The magazine Horizonte (1926-1927) was one of the publications of the Etridentista movement once it established its presence in Xalapa (Veracruz). The “X” in Xalapa was added by the etridentistas; they designated the provincial enclave as the center of their cultural revolution. Although they published other magazines such as Irradiador [Irradiator] and Ser [Being], it was Horizonte that contained social and political topics, and at the same time fewer poems, appeals and irreverent texts that had characterized the group at its beginnings.
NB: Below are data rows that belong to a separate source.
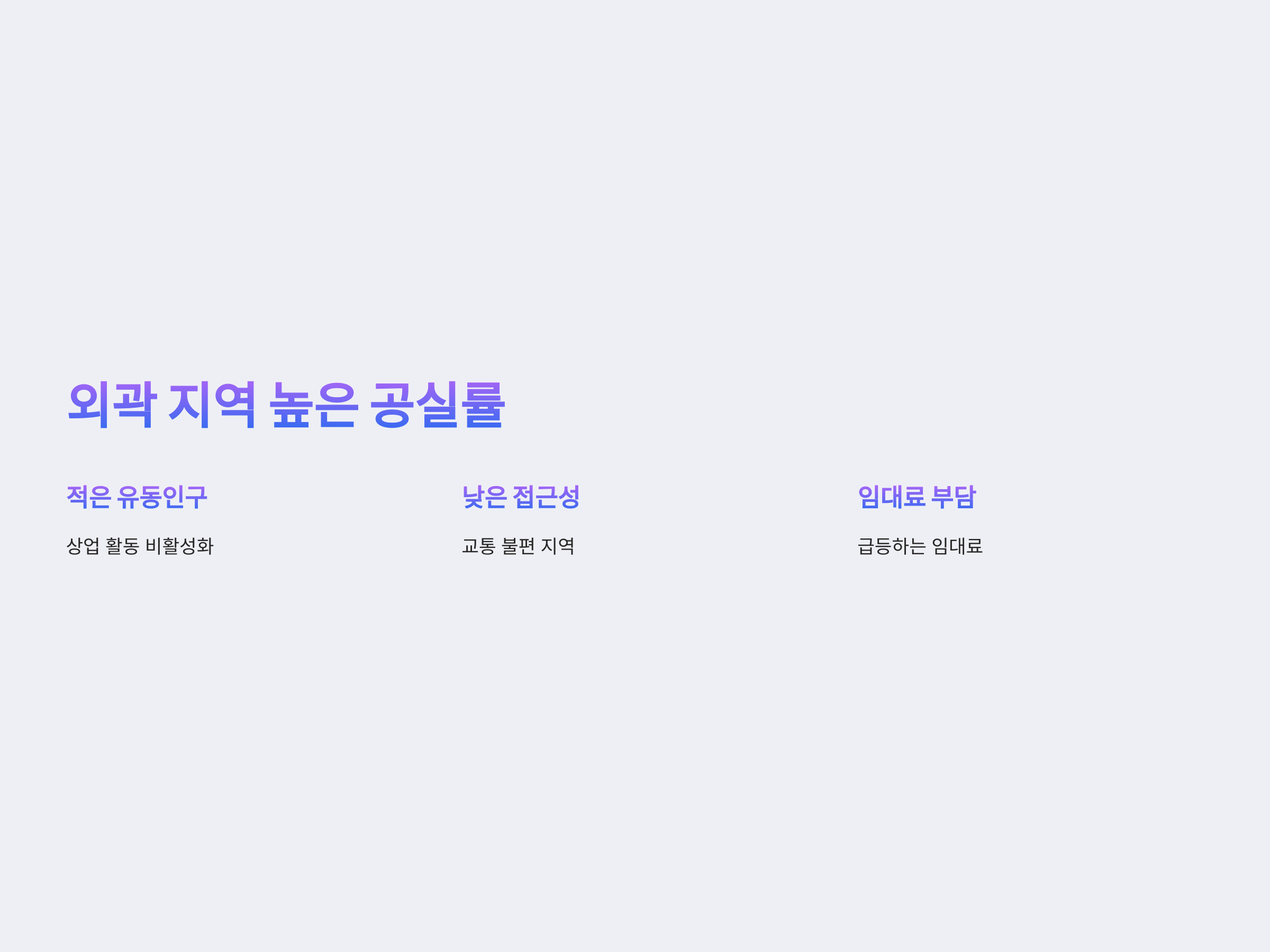 반면, 외곽 지역의 상가는 공실률이 높은 경우가 많습니다. 외곽 지역은 도심에 비해 유동인구가 적고, 상업 활동이 활발하지 않기 때문에 임대 수요가 적어 공실률이 높게 나타납니다. 특히, 교통이 불편한 지역이나 상업시설과의 접근성이 떨어지는 곳은 상가가 공실 상태로 남을 확률이 큽니다.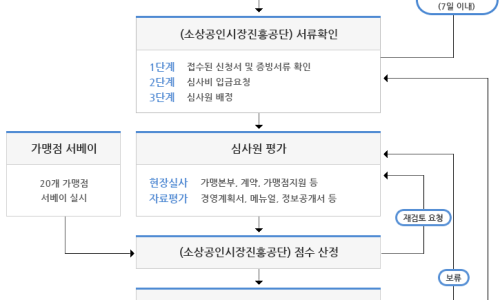 본문으로가기 로그인 안내드림 지식드림 소상공인마당 우수프랜차이즈 수준평가 프랜차이즈 체계구축 신청내역 수준평가 수준평가 지원사업 문의 042)363-7742, 7744, 7747 (월~금요일 9시~18시) 수준평가 홈 > 수준평가 > 수준평가 신청요건 정보공개서를 등록한 브랜드 중 직영점 1개와 가맹점을 10개 이상 운영 중인 프랜차이즈 가맹본부 또는 가맹점이 20개 이상인 프랜차이즈 가맹본부 * 가맹사업 업력 1년 미만, 완전자본잠식 상태, 대기업인 가맹본부 제외 진행절차 (가맹본부)신청 대상 : 정보공개...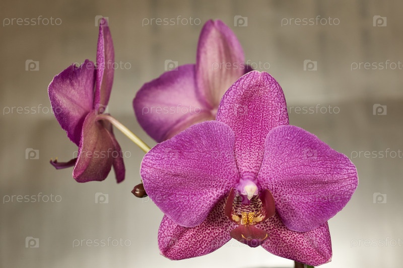 Яркие фиолетовые цветы орхидеи на нейтральном фоне представляют элегантную красоту природы. Крупный план ярких фиолетовых орхидей с нежным пятнистым узором на лепестках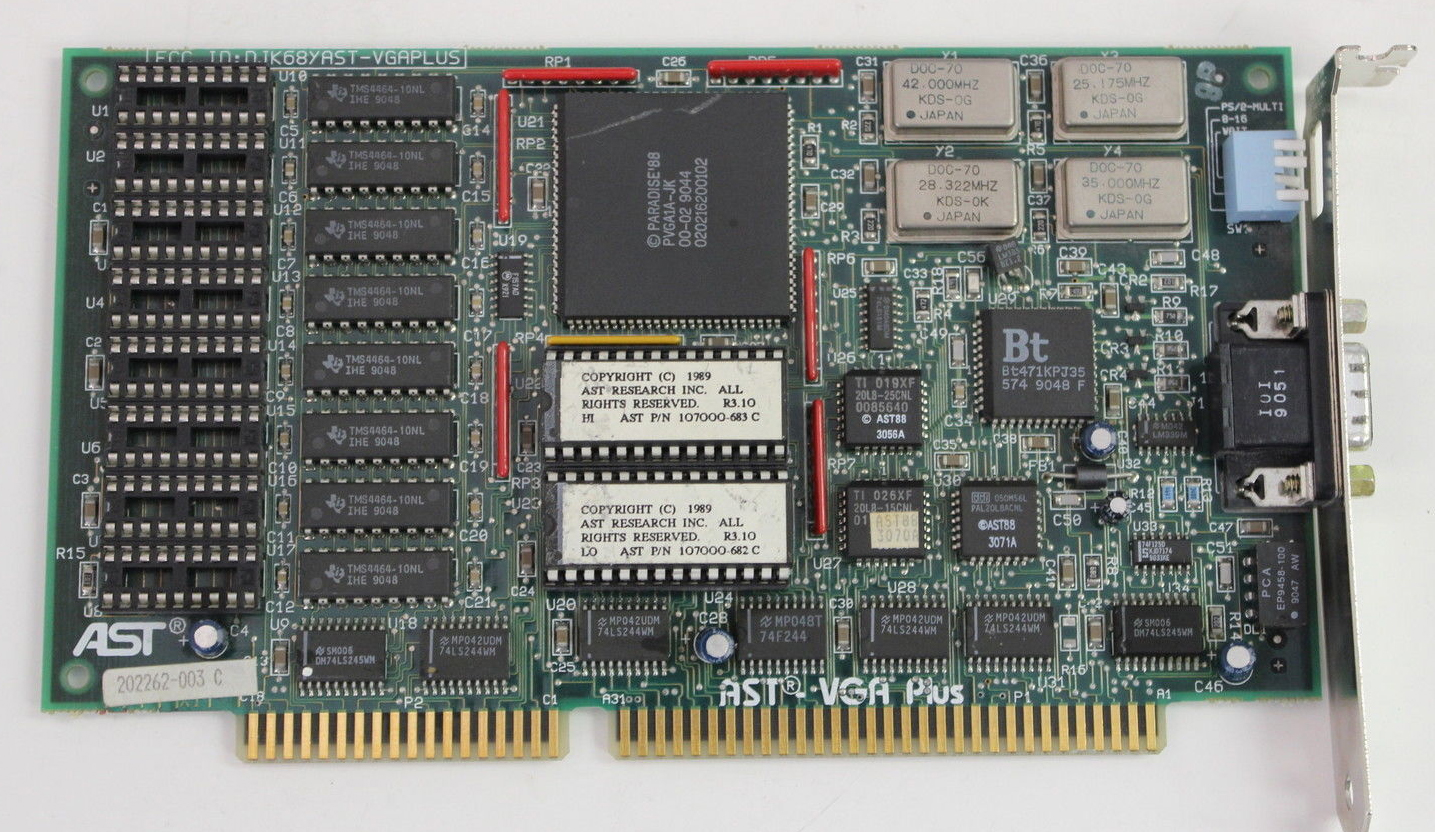 | Note 4 | Model based on the fact that Western Digital (WD) released a card known as the 'Paradise VGA Plus 16', and printed on the subject card is 'PVGA PLUS-16'. Possibly a non-WD copy, because: 1. No FCC ID, and 2. BIOS stickers do not look to me like the kind of thing that WD would use. |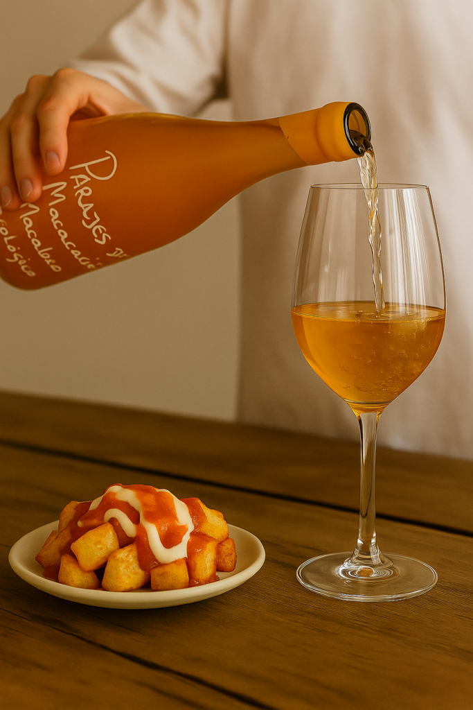En annan populär tapasrätt är en du kan hitta runt om i Spanien på i stort sett alla restauranger. Patatas Bravas är stekt eller rostad potatis i bitar, serverad med en kryddig bravasås. Om du inte får tag på salsan i din lokala butik kan du snabbt sätta ihop den i köket. Olivolja, lite vitlök, rökt paprikapulver, chili och eventuellt lite tomatpuré är allt du behöver för att skapa din salsa bravas. Till den här tapasrätten gör sig orangevinet Parajes Macabeo Maceracion med sin läskande syra och lättare struktur utmärkt. Med doft av grapefrukt och apelsinzest har vinet grepp i texturen av citrusfrukt och lätt beskt aptitretande avslut som gifter sig med den lätta hettan av Patatas Bravas.

The ten issues of Horizonte, edited by Germán List Arzubide, are proof of the proletarian-ization of the etridentistas’] aesthetic and social stances. Horizonte is important not only because it published articles on modernity, but also because it contained writings on the group’s social causes, including the education revolution.
Estridentismo, an early Mexican avant-garde movement, arose at the end of 1921, at the same time as the Muralist movement. Its creator, and for some time its only member, was Manuel Maples Arce, a poet from Veracruz who openly denounced modernist poets and the pictorial academy. As evidenced by the group’s publications, the movement was related to Dadaism, Futurism, Ultraism and Creationism—in their European and Latin American strains. Indeed, Etridentismo was a movement focused on agitation strategies through its deep connection to a mechanical aesthetics. They promoted a new urban sensibility, wherein experiences amassed together simultaneously, at the same pace as modern life. The very name of the movement refers to the hustle and bustle of the city, but also to its will to be acknowledged both for its embedded transgressions and excesses.